The Plight of the Strong-Willed Women
I’d like to share with you the plight of the strong-willed women. I can’t speak for all women but I can speak for myself and the women close to me who are all amazing, beautiful females with something precious to give you IF you are open to it!
A while back, I was having a heart to heart with an ex-boss of mine. He said to me, ‘I worry about you girl, you’ll struggle to meet a man.’ Sadly, I knew what he was saying had a ring of truth to it. I asked him why he thought that, and he said, ‘You’re a ballsy little bastard, there’s not many who could handle you.’ I wasn’t surprised. I said, ‘Then I’m doomed eh!’ He said ‘No you’ll meet him, and whoever he is will be amazing, you’re a great girl you deserve the best’.
Men, listen up, here’s an insight: As a female it ain’t easy being this way. Born with purpose, drive and vision that we are compelled to pursue. On one hand, it is a highly rewarding and interesting life. We will accept from ourselves nothing but our best and expect that too from those around us. Yet it also can be disappointing, frustrating and thankless in many ways but something inside keeps driving us forward. We are judged and criticised by others around us, some even ‘pity’ us as we hit the crucial 30’s’ and don’t have partners or children, rubbing our shoulder in support with the words, ‘don’t worry, you’ll have it one day’ as if that was the only bench mark that defines a true woman! Family members asking us at every occasion ‘are you married yet’ and then giving us the sympathy look when we reply no.

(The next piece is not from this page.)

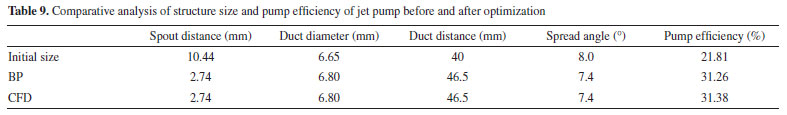 According to Table 8, 97104 (21 × 17 × 17 × 16) data combinations were obtained. The trained BP neural network model was used to predict the pump efficiency on 97104 data sets to complete the structural optimization of the jet pump. Table 9 shows the comparison of pump efficiency before and after size optimization. It can be seen from Table 9 that the calculated pump efficiency is very close to the predicted value of the BP neural network after optimization, which further proves the reliability of the BP neural network model. By comparing the specific structural dimensions of the two, the flow rate and the pump efficiency (obtained by numerical simulation), it can be found that the duct distance in the jet pump before the optimization is much larger than the optimized pump, and the former is about four times that of the latter. Comparing the duct diameter and duct distance in the jet pump before and after optimization shows that the optimized size is larger than before optimization. The difference between duct diameter and duct distance before and after optimization is 0.15 and 6.5 mm, respectively. In contrast, the spread angle is exactly the opposite, the optimized spread angle is smaller than before optimization, and the difference between the two is only 0.6. In addition, the pump efficiency was 21.81% (before optimization) and 31.26% (after optimization), respectively, and the pump efficiency was improved by 9.45%.

Friends who opted for marriage and kids ‘helpfully’ advise us ‘oh you’ll change your mind one day, don’t miss out’. Parents plead with us that we will not be fulfilled unless we take that route and worry that we’ll grow old and lonely.
We are the weird ones. The outcasts. The ones who don’t quite ‘fit’ in the society we were born in to.
And now I am going to let you in to a little secret. Men, believe it or not, us strong smart women just want you than to hold our hand, tell us everything is going to be alright and look after us from time to time. We’re not strong all the time, sometimes we want to fall in to your manly arms and stay there. We don’t need you to talk or deal with our problems – your arms alone are equally (if not more) capable of playing the role that the ear or advice of a female friend does in soothing our souls. We have to hold it together all day every day, when we step in to your company, we want to be soft females.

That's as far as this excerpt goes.